#### What the task requires:
All of the data below must be reproduced word for word, but without its images.

#### Supplied information:
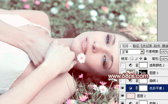 Photoshop调出草地美女图片流行的欧美粉褐色(4)
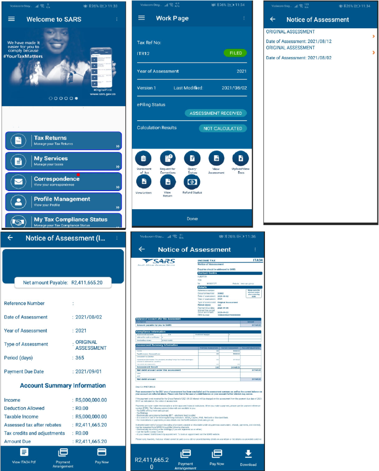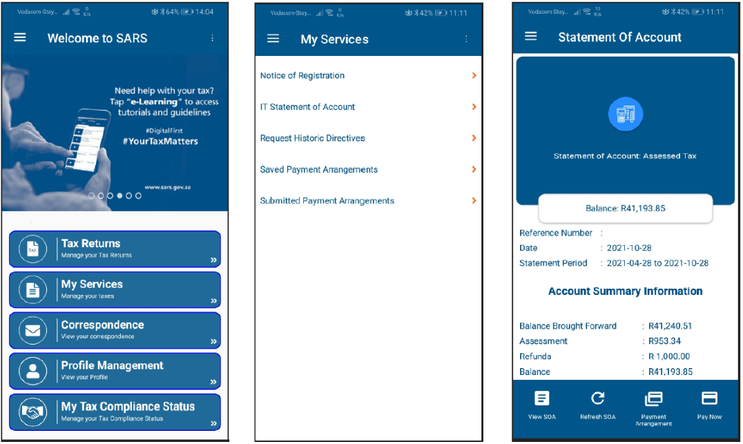 - Log on to the SARS Mobi App and navigate to where there is outstanding debt against an assessed return in order to initiate the payment arrangement request. A payment arrangement request can be initiated from any of the following places where there is outstanding debt and only one tax type request
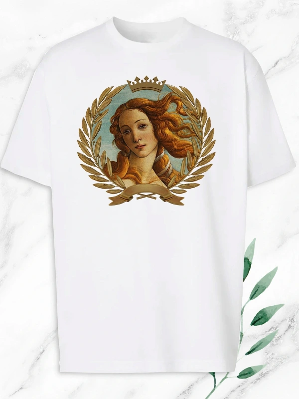 Unisex Beyaz Oversize Mitoloji Güzellik Tanrıçası Venüs Heykel Baskılı Tişört
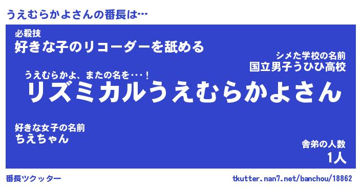 | 意味不明あだ名 | 『ペロリンうえむらかよ』 |
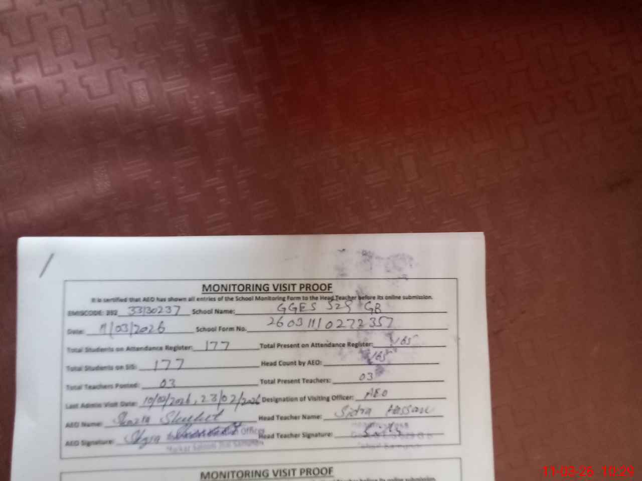 | Attendance Register | Head Teacher | MEA with School | Visit Proof |
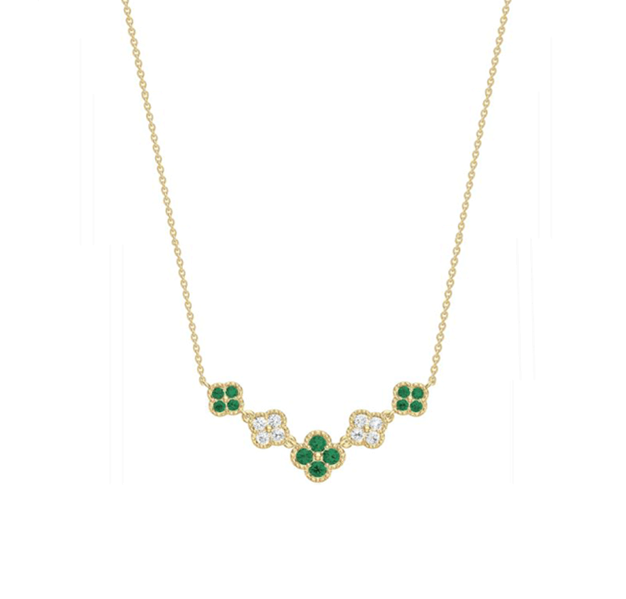 14k gold necklace, alternating .21cttw of diamonds and .25cttw of emeralds bezel set into a delicate clover pattern
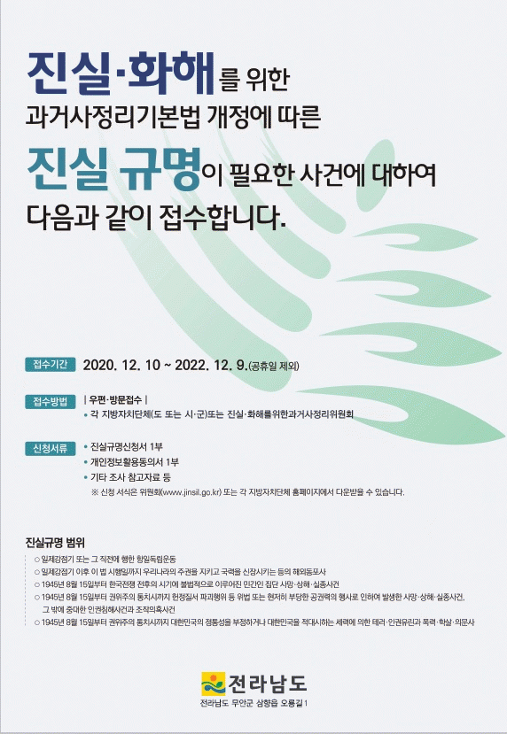[¹Ìµð¾îÀü³² ¹Úº¹»ê ±âÀÚ] Àü¶ó³²µµ ³ªÁֽô ¹Ý¹ÎÁÖÀû¡¤¹ÝÀαÇÀû, ºÎ´çÇÑ °ø±Ç·Â Çà»ç¿¡ µû¸¥ ÇÇÇØÀÚÀÇ ¸í¿¹È¸º¹, Áø»ó±Ô¸í µîÀ» À§ÇÑ ¡®°ú°Å»ç Áø½Ç±Ô¸í¡¯ ½ÅûÀ» ¿À´Â 12¿ù 9ÀϱîÁö Á¢¼ö¹Þ´Â´Ù°í 15ÀÏ ¹àÇû´Ù. °ú°Å»ç Áø½Ç±Ô¸íÀº ¡®¡¦
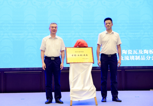 中國建筑衛生陶瓷協會會長繆斌和榮縣人民政府縣長趙磊共同為“中國(西部)陶都”揭牌。

#### Response:
 Photoshop调出草地美女图片流行的欧美粉褐色(4)
 - Log on to the SARS Mobi App and navigate to where there is outstanding debt against an assessed return in order to initiate the payment arrangement request. A payment arrangement request can be initiated from any of the following places where there is outstanding debt and only one tax type request
 Unisex Beyaz Oversize Mitoloji Güzellik Tanrıçası Venüs Heykel Baskılı Tişört
 | 意味不明あだ名 | 『ペロリンうえむらかよ』 |
 | Attendance Register | Head Teacher | MEA with School | Visit Proof |
 14k gold necklace, alternating .21cttw of diamonds and .25cttw of emeralds bezel set into a delicate clover pattern
[¹Ìµð¾îÀü³² ¹Úº¹»ê ±âÀÚ] Àü¶ó³²µµ ³ªÁֽô ¹Ý¹ÎÁÖÀû¡¤¹ÝÀαÇÀû, ºÎ´çÇÑ °ø±Ç·Â Çà»ç¿¡ µû¸¥ ÇÇÇØÀÚÀÇ ¸í¿¹È¸º¹, Áø»ó±Ô¸í µîÀ» À§ÇÑ ¡®°ú°Å»ç Áø½Ç±Ô¸í¡¯ ½ÅûÀ» ¿À´Â 12¿ù 9ÀϱîÁö Á¢¼ö¹Þ´Â´Ù°í 15ÀÏ ¹àÇû´Ù. °ú°Å»ç Áø½Ç±Ô¸íÀº ¡®¡¦
 中國建筑衛生陶瓷協會會長繆斌和榮縣人民政府縣長趙磊共同為“中國(西部)陶都”揭牌。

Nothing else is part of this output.